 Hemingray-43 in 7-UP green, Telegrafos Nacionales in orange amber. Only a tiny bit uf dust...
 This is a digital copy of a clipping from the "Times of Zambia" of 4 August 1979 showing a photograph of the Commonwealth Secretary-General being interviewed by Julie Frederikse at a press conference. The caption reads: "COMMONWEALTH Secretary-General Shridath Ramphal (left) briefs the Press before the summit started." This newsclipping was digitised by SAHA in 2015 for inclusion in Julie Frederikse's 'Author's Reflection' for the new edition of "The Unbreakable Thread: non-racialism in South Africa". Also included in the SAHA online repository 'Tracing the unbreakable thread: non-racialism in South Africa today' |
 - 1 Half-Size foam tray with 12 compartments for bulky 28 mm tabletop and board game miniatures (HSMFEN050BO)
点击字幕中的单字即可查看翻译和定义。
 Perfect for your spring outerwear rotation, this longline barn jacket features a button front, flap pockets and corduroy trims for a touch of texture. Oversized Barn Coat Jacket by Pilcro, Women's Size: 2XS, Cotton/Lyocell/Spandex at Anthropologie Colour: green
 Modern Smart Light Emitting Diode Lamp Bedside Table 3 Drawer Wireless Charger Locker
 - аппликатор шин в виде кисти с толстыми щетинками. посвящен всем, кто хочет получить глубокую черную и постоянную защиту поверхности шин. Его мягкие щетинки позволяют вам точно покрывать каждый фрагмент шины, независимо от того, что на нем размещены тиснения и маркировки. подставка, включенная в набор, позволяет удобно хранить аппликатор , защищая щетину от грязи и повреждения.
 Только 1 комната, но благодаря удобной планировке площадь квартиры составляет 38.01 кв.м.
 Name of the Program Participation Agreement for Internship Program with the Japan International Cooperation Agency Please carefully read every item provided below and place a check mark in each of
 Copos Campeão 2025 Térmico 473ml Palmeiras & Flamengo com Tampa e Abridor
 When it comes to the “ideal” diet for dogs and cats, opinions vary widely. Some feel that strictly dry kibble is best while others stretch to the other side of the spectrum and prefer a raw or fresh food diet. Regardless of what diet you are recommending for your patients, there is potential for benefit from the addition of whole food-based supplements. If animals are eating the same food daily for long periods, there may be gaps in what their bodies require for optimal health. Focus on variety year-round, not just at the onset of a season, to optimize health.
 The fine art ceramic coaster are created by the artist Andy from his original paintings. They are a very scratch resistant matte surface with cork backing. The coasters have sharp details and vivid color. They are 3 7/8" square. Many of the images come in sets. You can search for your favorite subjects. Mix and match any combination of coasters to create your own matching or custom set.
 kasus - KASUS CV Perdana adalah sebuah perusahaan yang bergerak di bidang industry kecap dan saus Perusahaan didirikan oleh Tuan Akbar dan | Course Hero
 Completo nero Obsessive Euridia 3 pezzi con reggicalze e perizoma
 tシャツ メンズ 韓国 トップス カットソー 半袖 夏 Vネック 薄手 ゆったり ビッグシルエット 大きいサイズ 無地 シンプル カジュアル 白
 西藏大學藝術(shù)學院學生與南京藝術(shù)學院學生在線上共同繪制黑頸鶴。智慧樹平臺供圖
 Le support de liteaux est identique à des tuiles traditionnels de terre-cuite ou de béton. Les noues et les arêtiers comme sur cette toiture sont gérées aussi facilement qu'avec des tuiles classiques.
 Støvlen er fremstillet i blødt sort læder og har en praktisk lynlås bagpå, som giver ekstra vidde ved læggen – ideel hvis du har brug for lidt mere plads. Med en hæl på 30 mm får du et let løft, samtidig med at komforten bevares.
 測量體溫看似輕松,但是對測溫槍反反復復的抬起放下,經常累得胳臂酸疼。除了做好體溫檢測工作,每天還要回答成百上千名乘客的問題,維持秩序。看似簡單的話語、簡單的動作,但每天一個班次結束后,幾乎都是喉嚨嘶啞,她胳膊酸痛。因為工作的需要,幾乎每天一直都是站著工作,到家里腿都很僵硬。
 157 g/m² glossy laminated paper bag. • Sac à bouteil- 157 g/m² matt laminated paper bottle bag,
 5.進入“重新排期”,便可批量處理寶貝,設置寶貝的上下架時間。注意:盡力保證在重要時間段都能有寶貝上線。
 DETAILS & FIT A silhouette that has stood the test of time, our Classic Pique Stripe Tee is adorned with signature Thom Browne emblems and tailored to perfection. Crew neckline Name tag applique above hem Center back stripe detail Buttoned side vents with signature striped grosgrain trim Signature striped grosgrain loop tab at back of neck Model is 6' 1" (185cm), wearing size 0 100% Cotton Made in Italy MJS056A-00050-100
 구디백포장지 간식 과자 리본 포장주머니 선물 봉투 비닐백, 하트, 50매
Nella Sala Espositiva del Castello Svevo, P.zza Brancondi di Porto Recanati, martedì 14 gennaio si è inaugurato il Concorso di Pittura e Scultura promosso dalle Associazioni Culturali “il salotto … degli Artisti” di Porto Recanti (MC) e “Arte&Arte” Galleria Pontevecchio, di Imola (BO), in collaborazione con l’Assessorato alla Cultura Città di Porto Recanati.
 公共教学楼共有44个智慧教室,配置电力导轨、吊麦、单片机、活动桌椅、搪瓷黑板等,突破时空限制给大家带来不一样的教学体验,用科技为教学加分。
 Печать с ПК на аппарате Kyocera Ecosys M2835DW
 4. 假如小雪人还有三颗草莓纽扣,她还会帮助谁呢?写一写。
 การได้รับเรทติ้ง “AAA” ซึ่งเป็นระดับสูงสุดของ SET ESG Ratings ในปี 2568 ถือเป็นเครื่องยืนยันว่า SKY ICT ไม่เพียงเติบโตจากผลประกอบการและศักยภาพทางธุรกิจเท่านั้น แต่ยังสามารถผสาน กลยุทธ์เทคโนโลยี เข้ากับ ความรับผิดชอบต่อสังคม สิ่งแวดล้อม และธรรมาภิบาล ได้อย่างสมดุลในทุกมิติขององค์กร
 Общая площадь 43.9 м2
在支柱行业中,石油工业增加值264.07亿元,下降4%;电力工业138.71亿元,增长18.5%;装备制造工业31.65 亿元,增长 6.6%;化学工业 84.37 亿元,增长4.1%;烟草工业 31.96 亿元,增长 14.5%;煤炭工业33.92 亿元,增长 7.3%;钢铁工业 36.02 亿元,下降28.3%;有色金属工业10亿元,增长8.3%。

======

◆ What to produce
Once more, write out the records exactly as they are.

◆ Expected answer
 Hemingray-43 in 7-UP green, Telegrafos Nacionales in orange amber. Only a tiny bit uf dust...
 This is a digital copy of a clipping from the "Times of Zambia" of 4 August 1979 showing a photograph of the Commonwealth Secretary-General being interviewed by Julie Frederikse at a press conference. The caption reads: "COMMONWEALTH Secretary-General Shridath Ramphal (left) briefs the Press before the summit started." This newsclipping was digitised by SAHA in 2015 for inclusion in Julie Frederikse's 'Author's Reflection' for the new edition of "The Unbreakable Thread: non-racialism in South Africa". Also included in the SAHA online repository 'Tracing the unbreakable thread: non-racialism in South Africa today' |
 - 1 Half-Size foam tray with 12 compartments for bulky 28 mm tabletop and board game miniatures (HSMFEN050BO)
点击字幕中的单字即可查看翻译和定义。
 Perfect for your spring outerwear rotation, this longline barn jacket features a button front, flap pockets and corduroy trims for a touch of texture. Oversized Barn Coat Jacket by Pilcro, Women's Size: 2XS, Cotton/Lyocell/Spandex at Anthropologie Colour: green
 Modern Smart Light Emitting Diode Lamp Bedside Table 3 Drawer Wireless Charger Locker
 - аппликатор шин в виде кисти с толстыми щетинками. посвящен всем, кто хочет получить глубокую черную и постоянную защиту поверхности шин. Его мягкие щетинки позволяют вам точно покрывать каждый фрагмент шины, независимо от того, что на нем размещены тиснения и маркировки. подставка, включенная в набор, позволяет удобно хранить аппликатор , защищая щетину от грязи и повреждения.
 Только 1 комната, но благодаря удобной планировке площадь квартиры составляет 38.01 кв.м.
 Name of the Program Participation Agreement for Internship Program with the Japan International Cooperation Agency Please carefully read every item provided below and place a check mark in each of
 Copos Campeão 2025 Térmico 473ml Palmeiras & Flamengo com Tampa e Abridor
 When it comes to the “ideal” diet for dogs and cats, opinions vary widely. Some feel that strictly dry kibble is best while others stretch to the other side of the spectrum and prefer a raw or fresh food diet. Regardless of what diet you are recommending for your patients, there is potential for benefit from the addition of whole food-based supplements. If animals are eating the same food daily for long periods, there may be gaps in what their bodies require for optimal health. Focus on variety year-round, not just at the onset of a season, to optimize health.
 The fine art ceramic coaster are created by the artist Andy from his original paintings. They are a very scratch resistant matte surface with cork backing. The coasters have sharp details and vivid color. They are 3 7/8" square. Many of the images come in sets. You can search for your favorite subjects. Mix and match any combination of coasters to create your own matching or custom set.
 kasus - KASUS CV Perdana adalah sebuah perusahaan yang bergerak di bidang industry kecap dan saus Perusahaan didirikan oleh Tuan Akbar dan | Course Hero
 Completo nero Obsessive Euridia 3 pezzi con reggicalze e perizoma
 tシャツ メンズ 韓国 トップス カットソー 半袖 夏 Vネック 薄手 ゆったり ビッグシルエット 大きいサイズ 無地 シンプル カジュアル 白
 西藏大學藝術(shù)學院學生與南京藝術(shù)學院學生在線上共同繪制黑頸鶴。智慧樹平臺供圖
 Le support de liteaux est identique à des tuiles traditionnels de terre-cuite ou de béton. Les noues et les arêtiers comme sur cette toiture sont gérées aussi facilement qu'avec des tuiles classiques.
 Støvlen er fremstillet i blødt sort læder og har en praktisk lynlås bagpå, som giver ekstra vidde ved læggen – ideel hvis du har brug for lidt mere plads. Med en hæl på 30 mm får du et let løft, samtidig med at komforten bevares.
 測量體溫看似輕松,但是對測溫槍反反復復的抬起放下,經常累得胳臂酸疼。除了做好體溫檢測工作,每天還要回答成百上千名乘客的問題,維持秩序。看似簡單的話語、簡單的動作,但每天一個班次結束后,幾乎都是喉嚨嘶啞,她胳膊酸痛。因為工作的需要,幾乎每天一直都是站著工作,到家里腿都很僵硬。
 157 g/m² glossy laminated paper bag. • Sac à bouteil- 157 g/m² matt laminated paper bottle bag,
 5.進入“重新排期”,便可批量處理寶貝,設置寶貝的上下架時間。注意:盡力保證在重要時間段都能有寶貝上線。
 DETAILS & FIT A silhouette that has stood the test of time, our Classic Pique Stripe Tee is adorned with signature Thom Browne emblems and tailored to perfection. Crew neckline Name tag applique above hem Center back stripe detail Buttoned side vents with signature striped grosgrain trim Signature striped grosgrain loop tab at back of neck Model is 6' 1" (185cm), wearing size 0 100% Cotton Made in Italy MJS056A-00050-100
 구디백포장지 간식 과자 리본 포장주머니 선물 봉투 비닐백, 하트, 50매
Nella Sala Espositiva del Castello Svevo, P.zza Brancondi di Porto Recanati, martedì 14 gennaio si è inaugurato il Concorso di Pittura e Scultura promosso dalle Associazioni Culturali “il salotto … degli Artisti” di Porto Recanti (MC) e “Arte&Arte” Galleria Pontevecchio, di Imola (BO), in collaborazione con l’Assessorato alla Cultura Città di Porto Recanati.
 公共教学楼共有44个智慧教室,配置电力导轨、吊麦、单片机、活动桌椅、搪瓷黑板等,突破时空限制给大家带来不一样的教学体验,用科技为教学加分。
 Печать с ПК на аппарате Kyocera Ecosys M2835DW
 4. 假如小雪人还有三颗草莓纽扣,她还会帮助谁呢?写一写。
 การได้รับเรทติ้ง “AAA” ซึ่งเป็นระดับสูงสุดของ SET ESG Ratings ในปี 2568 ถือเป็นเครื่องยืนยันว่า SKY ICT ไม่เพียงเติบโตจากผลประกอบการและศักยภาพทางธุรกิจเท่านั้น แต่ยังสามารถผสาน กลยุทธ์เทคโนโลยี เข้ากับ ความรับผิดชอบต่อสังคม สิ่งแวดล้อม และธรรมาภิบาล ได้อย่างสมดุลในทุกมิติขององค์กร
 Общая площадь 43.9 м2
在支柱行业中,石油工业增加值264.07亿元,下降4%;电力工业138.71亿元,增长18.5%;装备制造工业31.65 亿元,增长 6.6%;化学工业 84.37 亿元,增长4.1%;烟草工业 31.96 亿元,增长 14.5%;煤炭工业33.92 亿元,增长 7.3%;钢铁工业 36.02 亿元,下降28.3%;有色金属工业10亿元,增长8.3%。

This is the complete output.